TASK DIRECTIONS:
Output every line below as it stands, dropping only the images.

INFORMATION SUPPLIED:
######

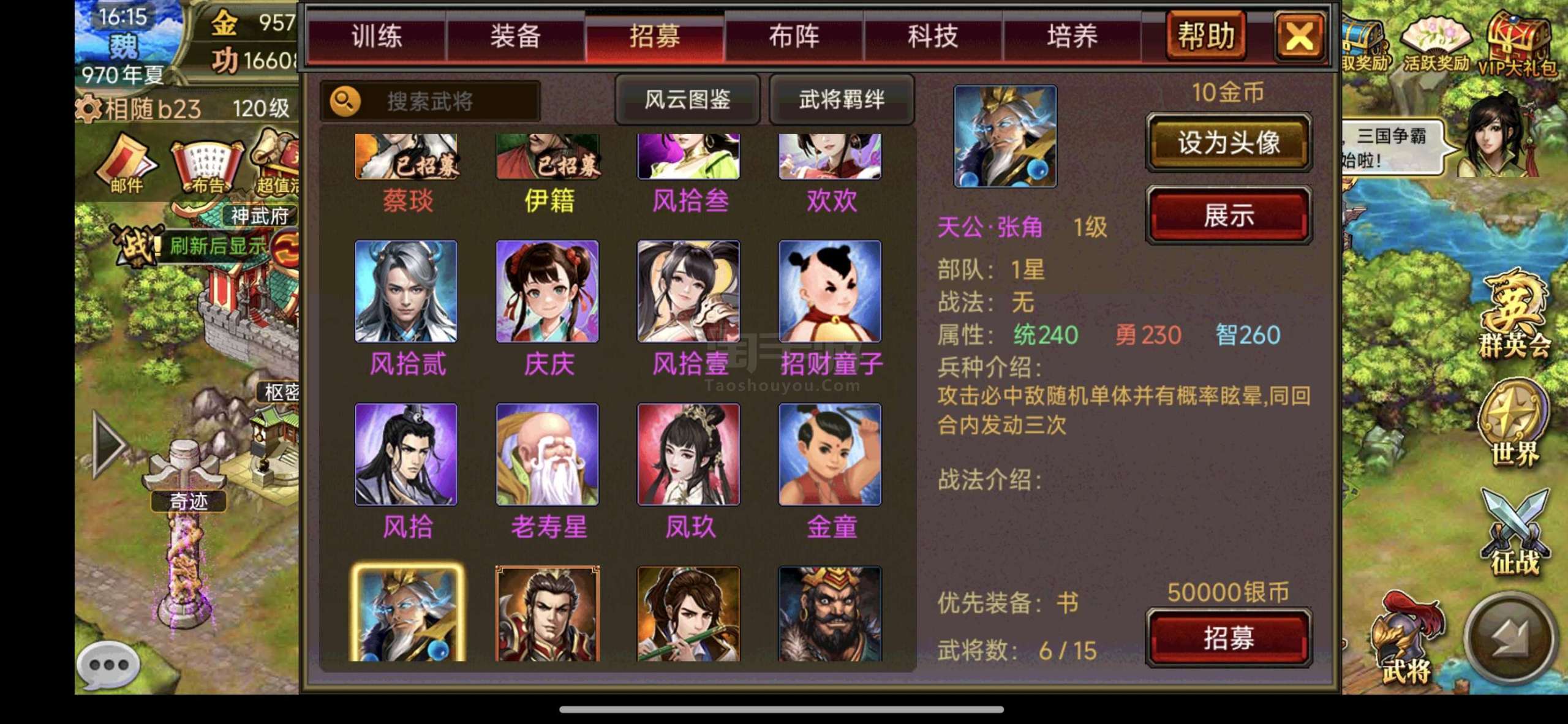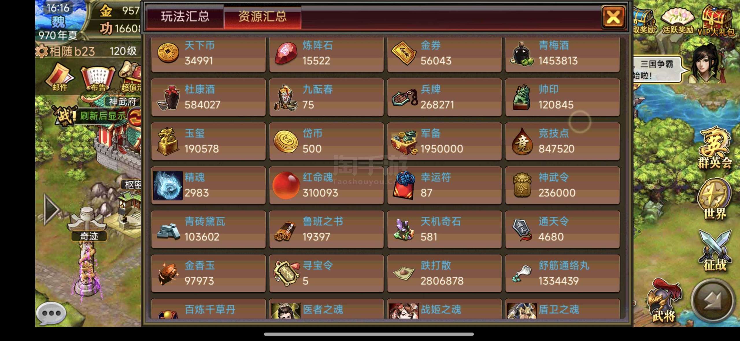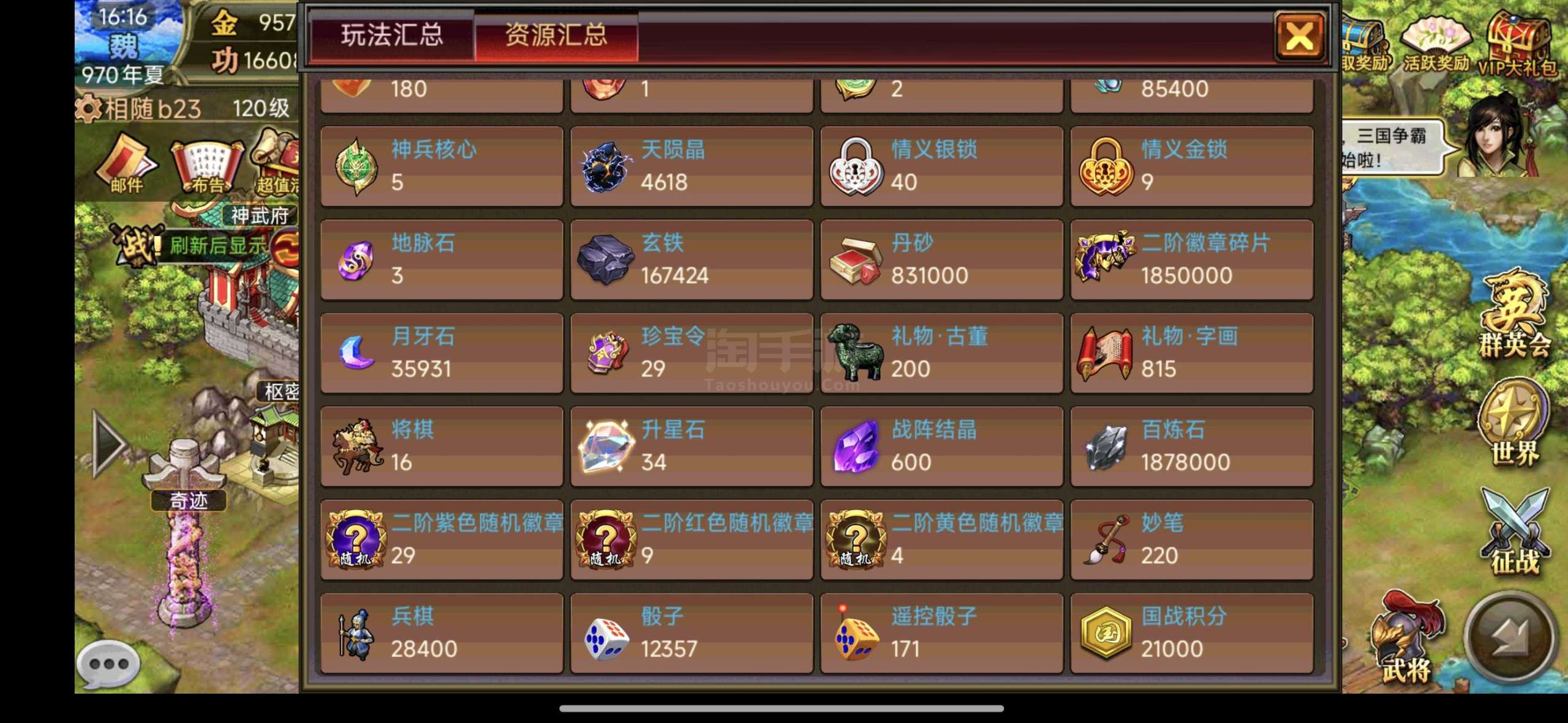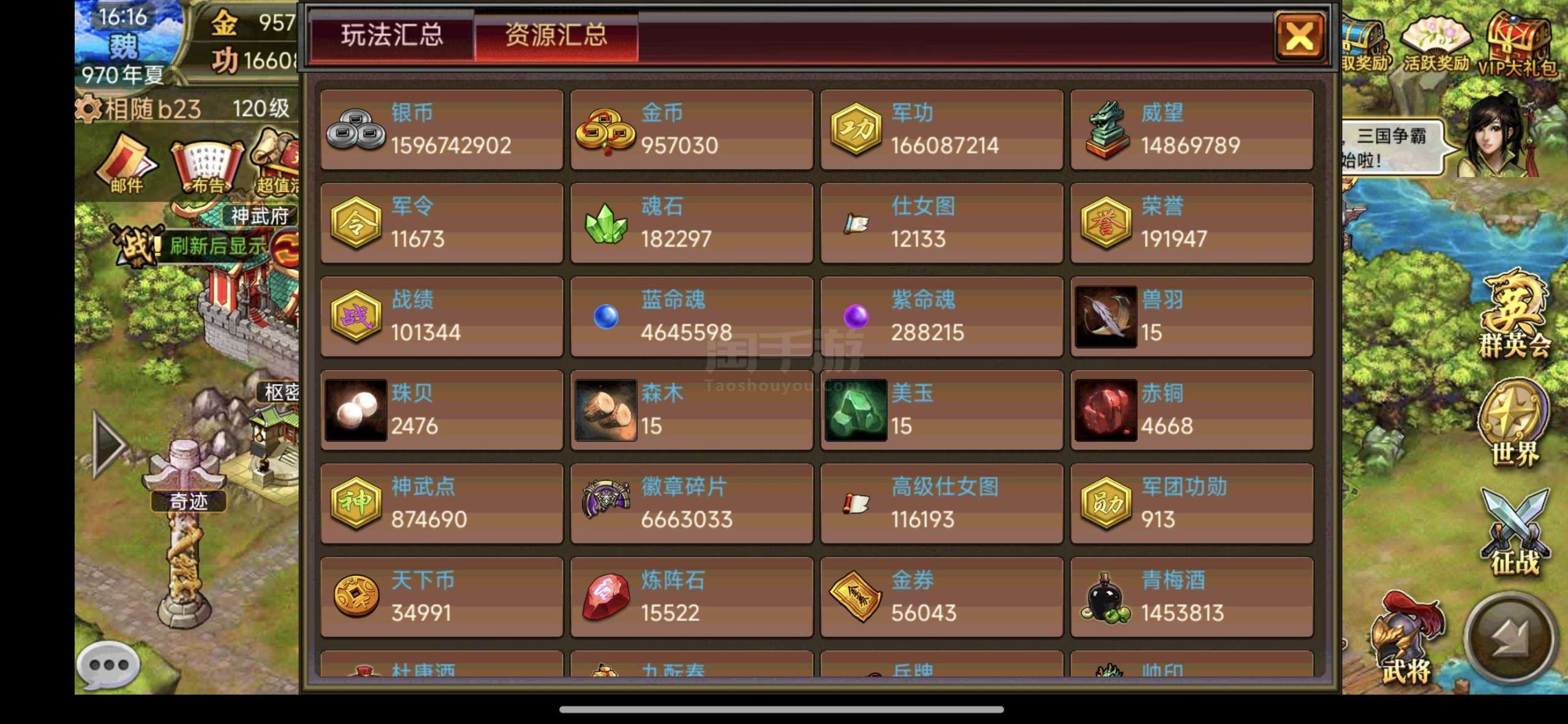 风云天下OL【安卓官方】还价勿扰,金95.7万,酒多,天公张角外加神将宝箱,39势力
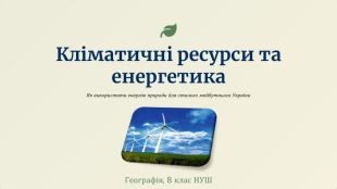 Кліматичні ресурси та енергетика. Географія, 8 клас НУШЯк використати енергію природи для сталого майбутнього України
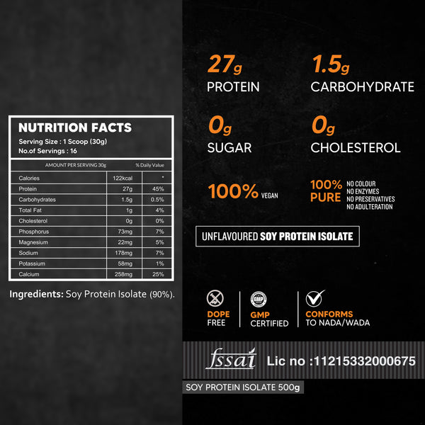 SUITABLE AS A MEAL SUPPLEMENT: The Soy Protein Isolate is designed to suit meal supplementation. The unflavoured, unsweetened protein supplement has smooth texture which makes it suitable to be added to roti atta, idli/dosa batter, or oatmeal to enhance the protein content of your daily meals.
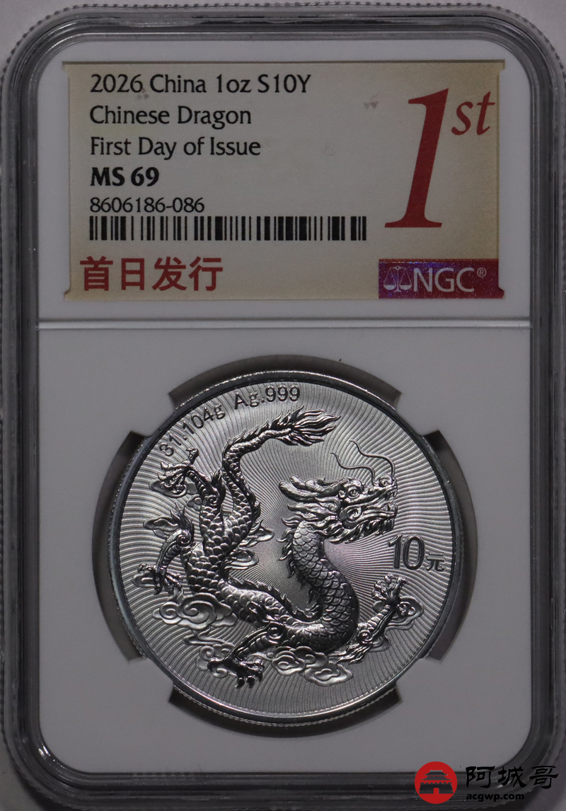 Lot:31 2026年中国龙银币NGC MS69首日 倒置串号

######

RESULT OF THE TASK:
 风云天下OL【安卓官方】还价勿扰,金95.7万,酒多,天公张角外加神将宝箱,39势力
 Кліматичні ресурси та енергетика. Географія, 8 клас НУШЯк використати енергію природи для сталого майбутнього України
 SUITABLE AS A MEAL SUPPLEMENT: The Soy Protein Isolate is designed to suit meal supplementation. The unflavoured, unsweetened protein supplement has smooth texture which makes it suitable to be added to roti atta, idli/dosa batter, or oatmeal to enhance the protein content of your daily meals.
 Lot:31 2026年中国龙银币NGC MS69首日 倒置串号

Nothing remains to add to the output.